* DATA RECORDS:
····················
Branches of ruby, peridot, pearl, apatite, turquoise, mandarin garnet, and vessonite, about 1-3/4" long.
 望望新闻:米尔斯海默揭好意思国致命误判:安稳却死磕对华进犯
····················
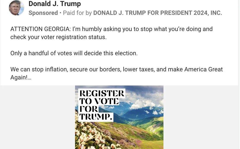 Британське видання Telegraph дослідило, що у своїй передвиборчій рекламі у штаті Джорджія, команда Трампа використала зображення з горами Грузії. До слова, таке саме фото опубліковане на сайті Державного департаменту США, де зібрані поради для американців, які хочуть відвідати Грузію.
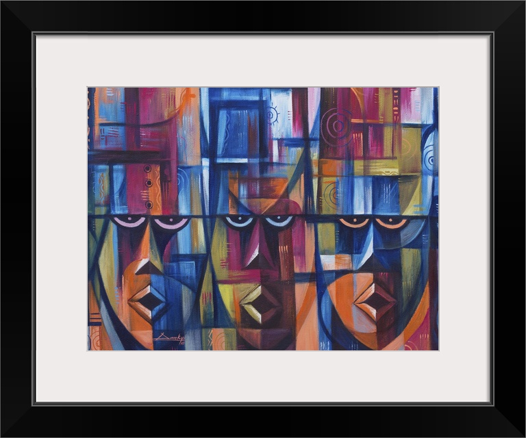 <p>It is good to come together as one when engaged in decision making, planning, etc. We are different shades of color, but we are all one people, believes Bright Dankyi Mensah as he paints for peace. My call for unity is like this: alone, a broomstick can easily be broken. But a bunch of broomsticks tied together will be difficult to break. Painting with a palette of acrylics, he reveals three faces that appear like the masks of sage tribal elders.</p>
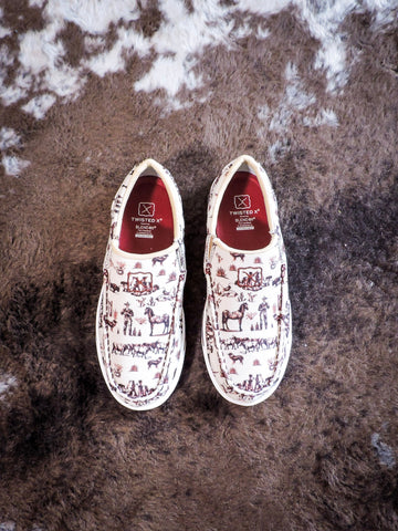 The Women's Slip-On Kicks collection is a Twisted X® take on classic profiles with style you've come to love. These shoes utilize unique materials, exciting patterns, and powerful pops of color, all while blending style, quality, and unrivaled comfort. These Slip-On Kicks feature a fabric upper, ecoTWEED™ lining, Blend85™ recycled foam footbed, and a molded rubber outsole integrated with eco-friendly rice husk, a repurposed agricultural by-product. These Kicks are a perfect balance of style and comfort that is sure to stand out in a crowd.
····················
Where the data above reaches the line holding "Branches of ruby, peridot, pearl, apatite, turquoise, mandarin", begin printing, and stop after the line holding "望望新闻:米尔斯海默揭好意思国致命误判:安稳却死磕对华进犯". Each line must be reproduced exactly, with nothing else added.

Branches of ruby, peridot, pearl, apatite, turquoise, mandarin garnet, and vessonite, about 1-3/4" long.
 望望新闻:米尔斯海默揭好意思国致命误判:安稳却死磕对华进犯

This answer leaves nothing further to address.